Open kermitt2 opened 6 years ago
Everything seems to work properly except one thing, the number of readers is limited and asynchronous calls from the javascript frontend results in exceptions. https://github.com/lmdbjava/lmdbjava/issues/65#issuecomment-386505879
The commit 7372366 should have solved the last issue with the number of readers.
KB: 37413613 concepts.
EN: 14899737 pages.
DE: 3579552 pages.
FR: 3681264 pages.
ES: 3322291 pages.
IT: 2291751 pages.
For languages other than english the domains are not resolved. Not a clue why.
It's because the domains are derived from the English categories only, the other languages first do not have the same category hierarchy (then we would need a mapping per language) and have a much small set of categories.

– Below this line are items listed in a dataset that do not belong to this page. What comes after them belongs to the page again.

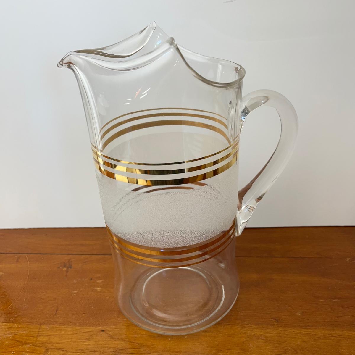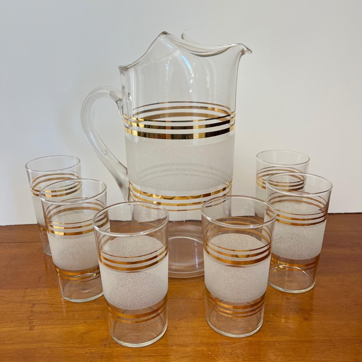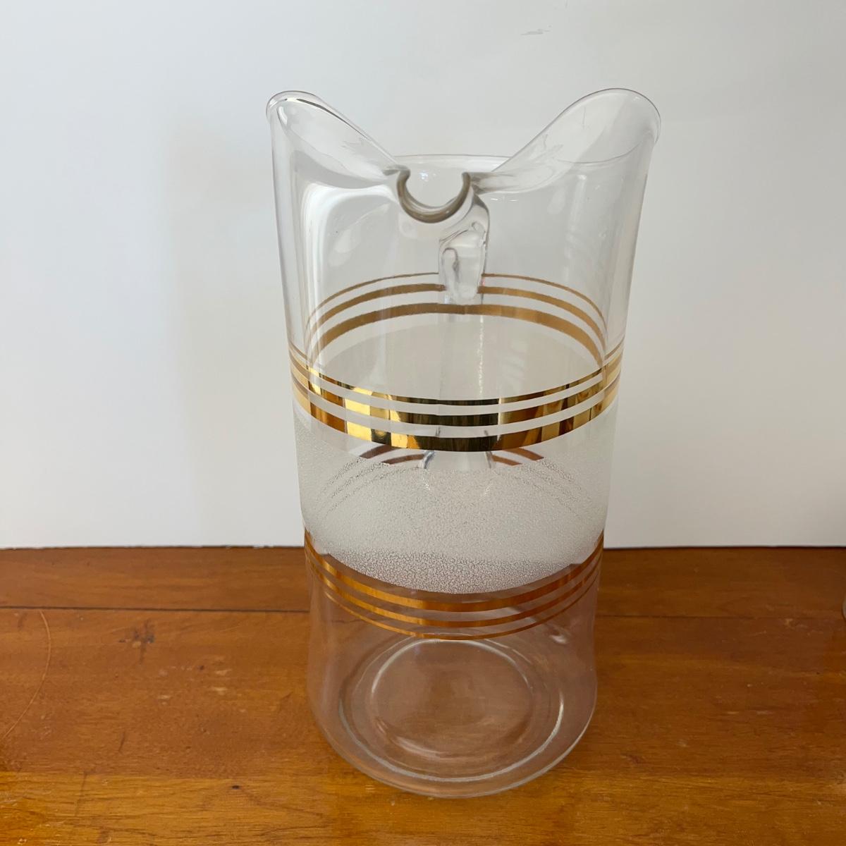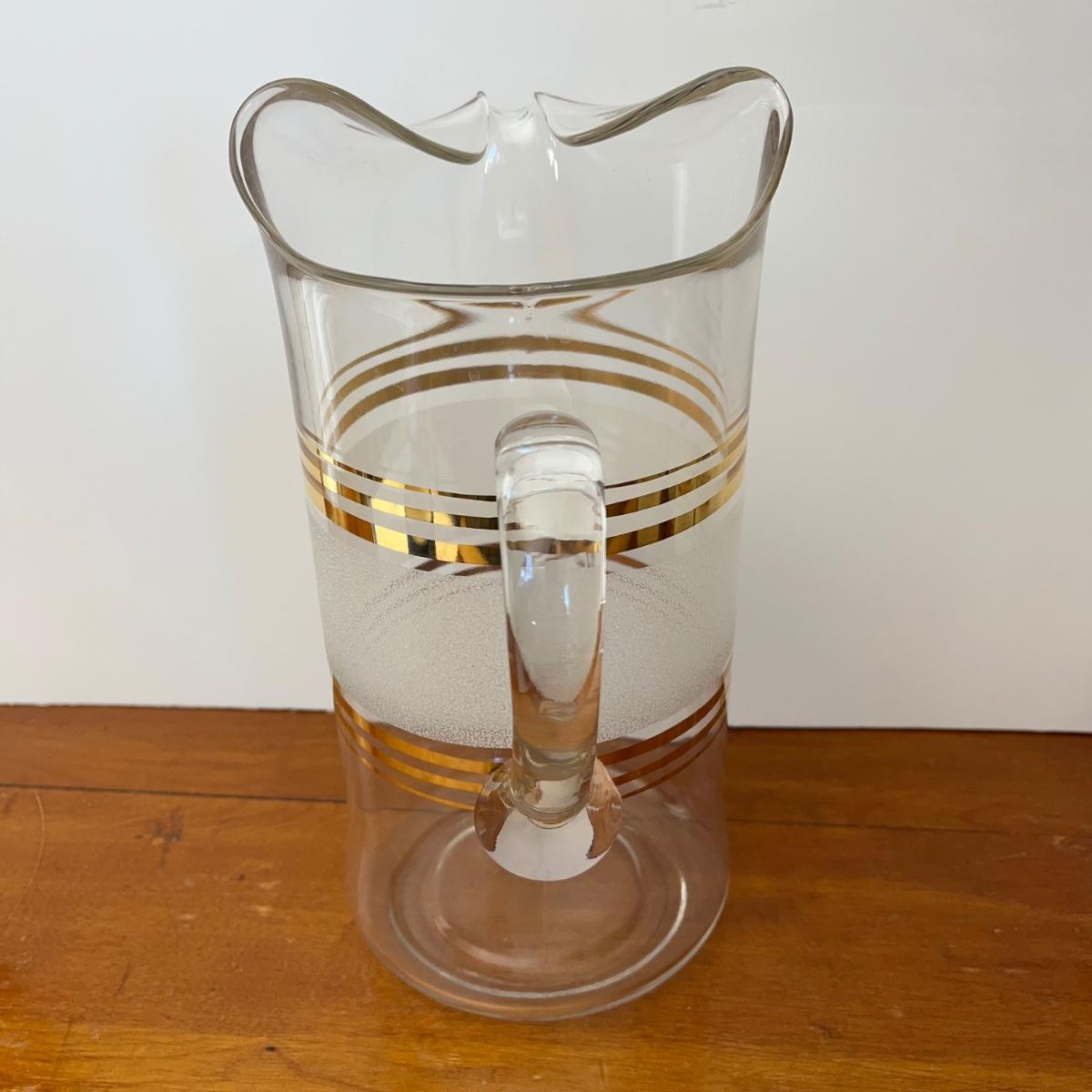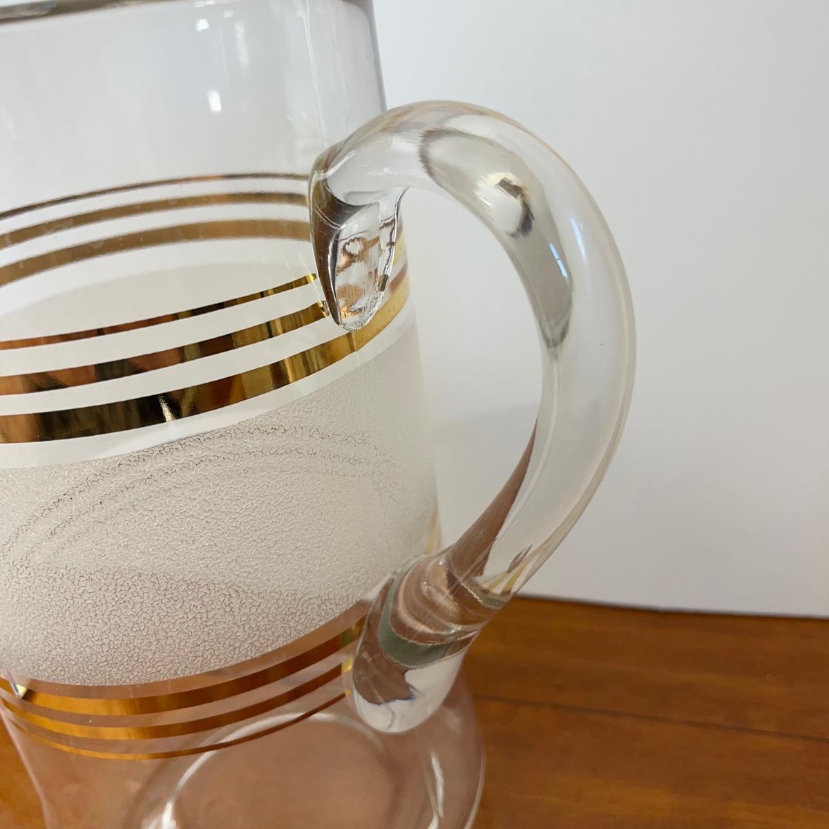 LOT 29L: Vintage Mid-Century Modern Gold Accented and Frosted Glass Pitcher & Glass Set MCM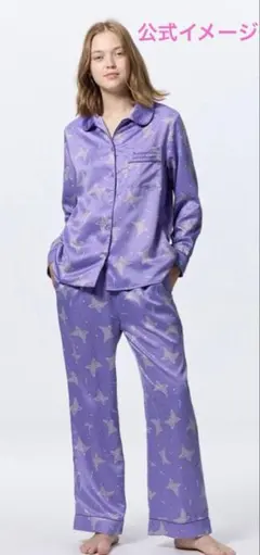 ツヤツヤとしたサテン生地が高見えするパジャマかと思います。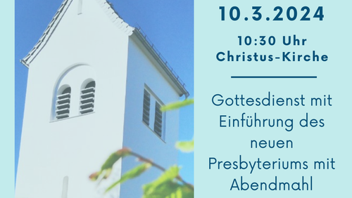 Im Gottesdienst am 10.3.24 werden wird das neue Presbyterium eingeführt. Herzliche Einladung an Sie, dabei zu sein!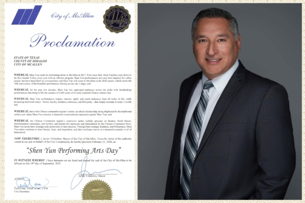 麦卡伦市市长哈维尔‧维拉洛博斯(Javier Villalobos)回顾道,神韵于2017年首度在该市登台,此后每年皆携全新节目莅临里奥格兰德河谷(Rio Grande Valley)。他强调:“神韵演出不仅激励河谷居民,更为社区增添光彩;神韵将于2026年演出季重返麦卡伦,届时将是这台精彩演出在本市舞台绽放10周年。” 他谴责中共跨国镇压:“中国共产党政权本质为无神论独裁政权,因恐惧神韵所展现的传统文化与价值观,遂发动跨国打压神韵。”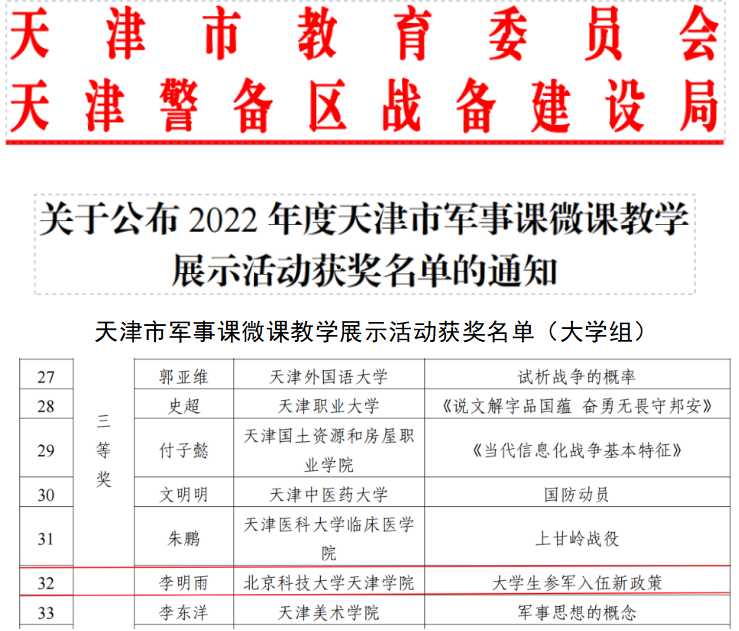 近日,由天津市教育委员会、天津警备区战备建设局主办的2022年度天津市军事课微课教学展示活动成绩揭晓,伟德官网教师李明雨的军事理论课微课展示作品《大学生参军入伍新政策》荣获大学组三等奖。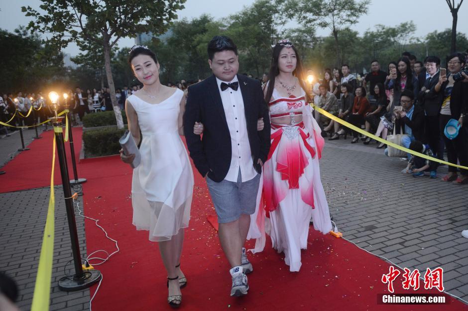 6月3日晚,山西大學美術學院畢業(yè)典禮,大學畢業(yè)生通過紅地毯走進會場,學弟學妹們夾道歡迎。當畢業(yè)生情侶一起走秀時,引起學弟學妹們一陣尖叫。韋亮 攝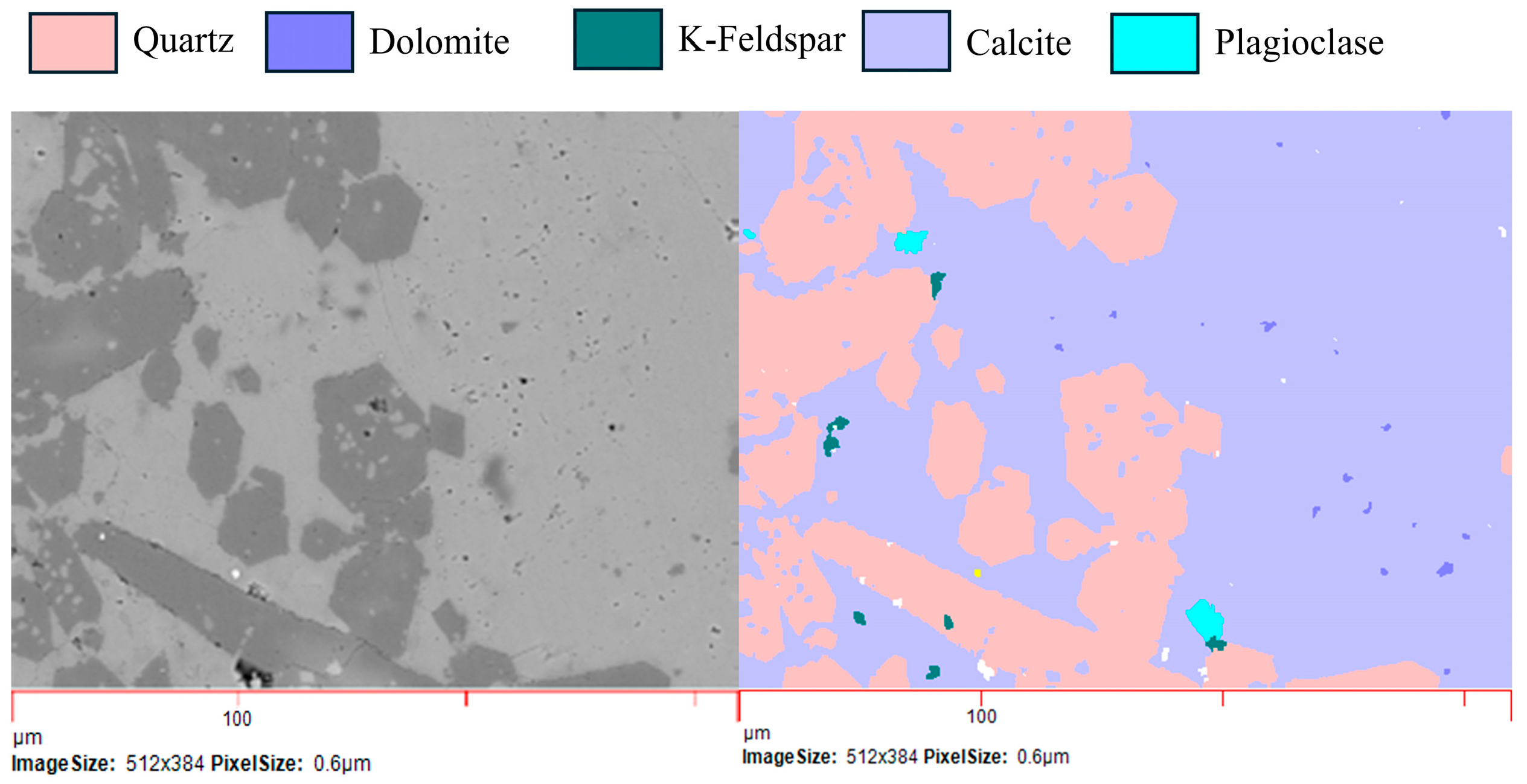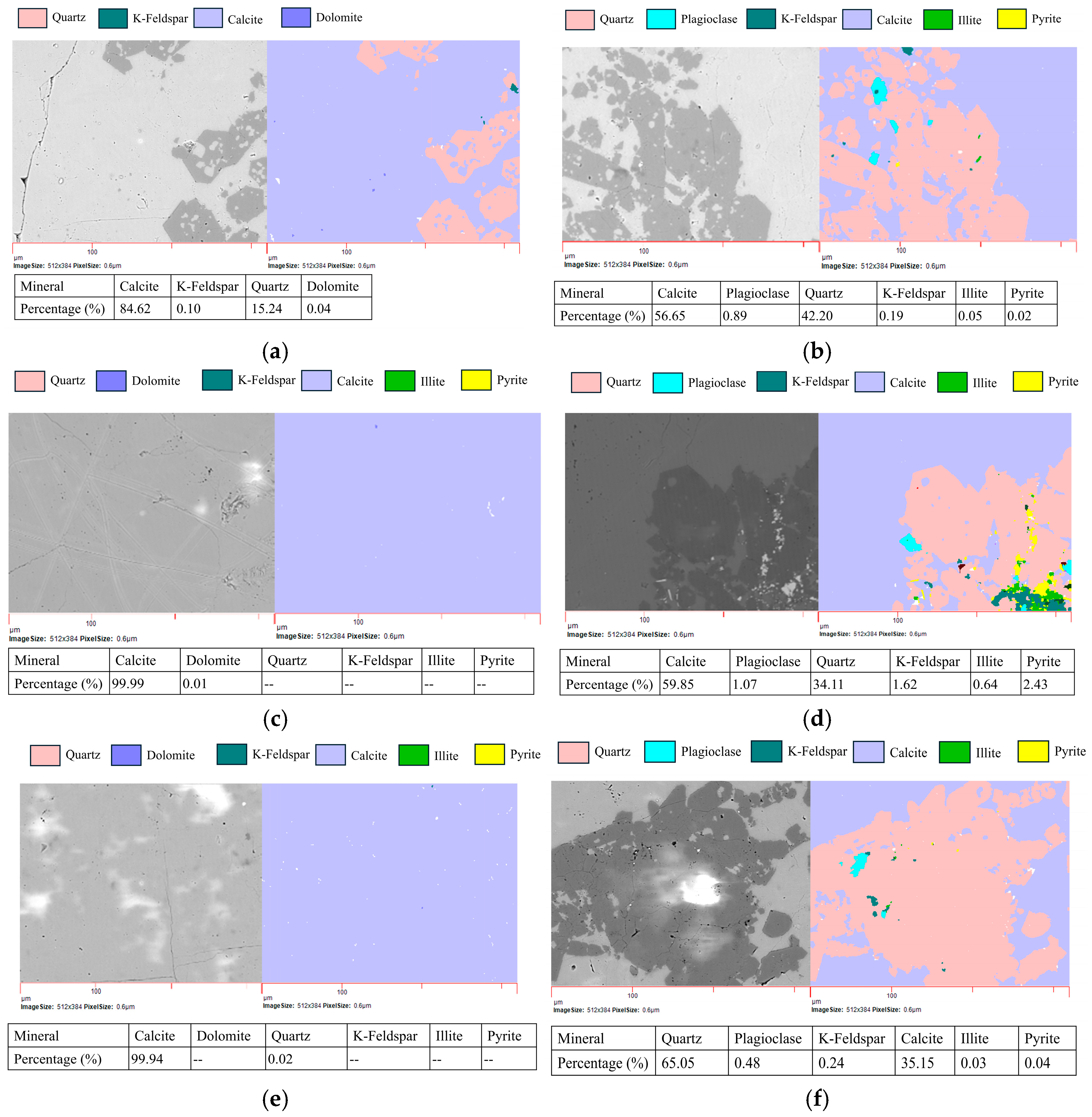 | Components | Calcite | Quartz | Dolomite | Illite | Plagioclase | K-Feldspar | Pyrite |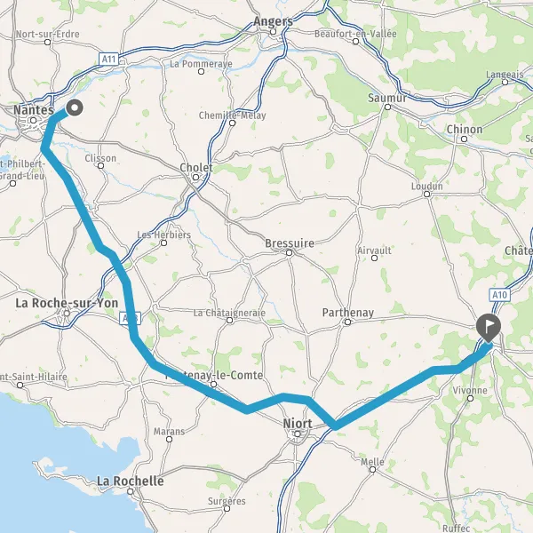 Prendre à droite et rejoindre A83. Continuer sur 150 kilomètres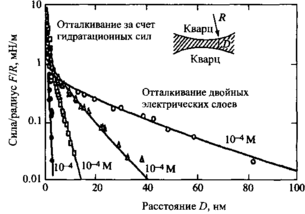 Гидратные силы отталкивания между поверхностями слюды в растворе электролита. Следует отметить, что отталкивание возникает только при концентрации соли > 1мМ.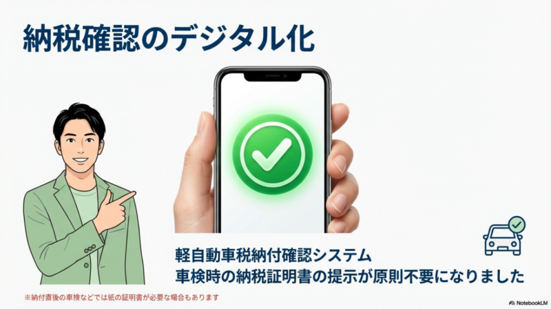 対策はシンプルで、「車検日から逆算して納付を済ませる」「名義変更が絡むなら工場に事前共有する」「支払い証跡(領収印のある控え等)を当面保管する」です。  紙が原則不要になっても、トラブル時の保険として“確認できる材料”を持っておくのが現場では強いです。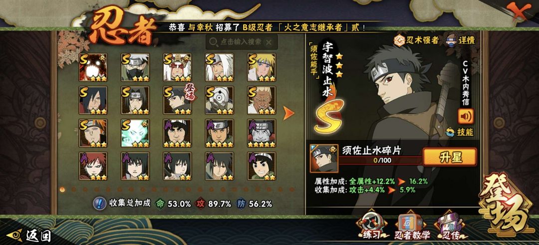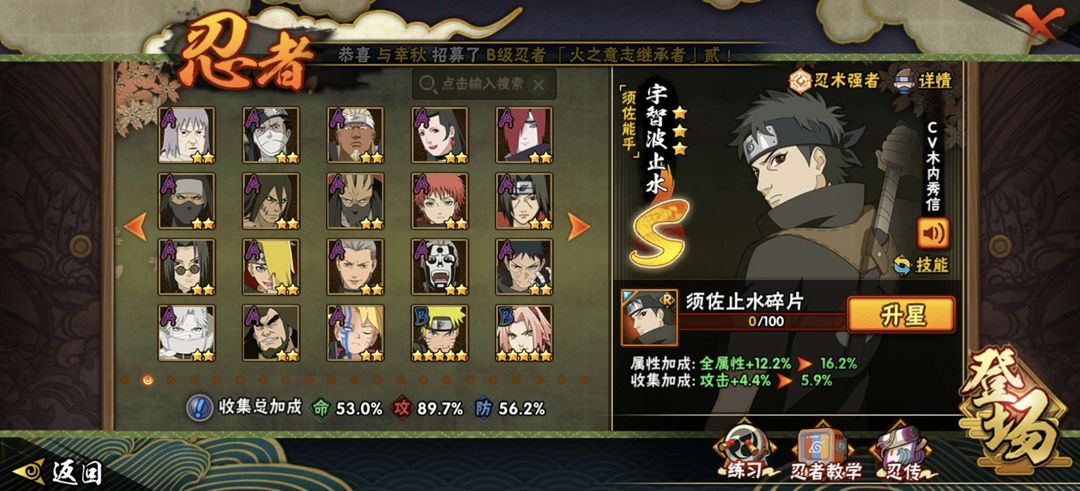 12个s,26个A,一共127个忍者(拒绝恶劣的玩家,不要瞎打段位,让我们一起守护村子)

I wasn't clear. I wanted to say that with this branch there there are no domains at all, while on the master version the domains are in the output json.
Might be solved by rebuilding again all the databases?
Mmm I dont understand. The domains are not produced for English or the domains are not in the disambiguation result json?
For the domains, they are built one time by the Upper KB and they are build just after building the Lower KB for English. It's like any db, if you want to force it to be rebuild, just delete the lmdb files and relaunch.
They are not in the output json. But it was just a note on the task.
before lmdbjava:
after lmdbjava:
Interesting thing is that the total number of concepts and pages correspond (see https://github.com/kermitt2/entity-fishing/issues/50)
might be that the interlingual files are missing in your resource files, so the KB cannot relate the English domain to an Italian entity
lmdbjava is apparently better maintained (more features & more OS built) and faster... also never get the zero copy mode working reliably with lmdbjni so it is worth trying lmdbjava for this too.